A variety of fluorocarbons can be used to chemically etch silicon oxide as well as to form a protective polymer sidewall coating. For example, carbon tetrafluoride (CF₄) possesses a fluorine-to-carbon ratio of 4:1 and exhibits some sidewall etching as a narrow trench is formed using CF₄plasma products. Etch parameters may improve as the fluorine-to-carbon ratio is decreased. CHF₃has a F:C ratio of 3:1. Greater sidewall protection is experienced for C₄F₈and C₃F₆which each have an F:C ratio of 2:1. C₅F₈and C₄F₆have F:C ratios of 1.6:1 and 1.5:1, respectively. When the fluorocarbons are fully-saturated perfluorocarbons, decreasing the F:C ratio may increase the number of double bonds in the fluorocarbon, which may influence the plasma fragmentation pattern and chemical species formed during plasma excitation. Regardless of the mechanism, increasing the carbon proportion in the plasma results in an increase in concentration of etching species like CF_z ⁺ ions (where z is an integer from 1 to 3) and C_xF_yfragments which grow the protective polymer layer on the sidewalls. Exemplary F:C ratios for the fluorocarbons may be about 2:1 or less, for example about 1.33:1 or less. The above-described precursors are perfluorocarbons, however less substituted and/or differently substituted fluorocarbons, for example where one or more hydrogens replace fluorine groups, may also be used. In the case of hydrogenated fluorocarbons, the F:C ratio is calculated only from the carbons and fluorines present in the molecule. Thus, substituting hydrogens in for fluorines will decrease the F:C ratio.
The fluorocarbons just described are combined with an iodo-fluorocarbon to realize the benefits of iodine in sputtering and the other process benefits iodine provides. FIGS. 2-3 are graphs of silicon oxide and silicon nitride etch rates of iodo-fluorocarbons for use in etching processes according to disclosed embodiments. These graphs include only iodo-fluorocarbon precursors without the concurrent contribution of non-iodine containing fluorocarbons, such as the above-described perfluorocarbons.

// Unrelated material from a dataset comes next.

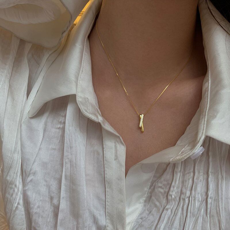 送料無料 ANENJERYシルバーカラー銅ストレートバークロスネックレス女性ニッチライトラグジュアリージルコン鎖骨チェーンパーティーアクセサリー レース 銀 アクセサリー AE165515652112499

Silicon oxide etch rates are all significant for each of the iodo-fluorocarbons shown. The etch rates of silicon nitride, on the other hand, are very low for two of the precursors. C₃F₇I etches silicon nitride much less than silicon oxide, and C₂F₃I actually deposits a polymer on the silicon nitride which is represented as a negative etch rate in FIG. 3. The etch selectivity of either of these precursors may be beneficial, for example, when a silicon nitride etch stop layer is used in a process flow.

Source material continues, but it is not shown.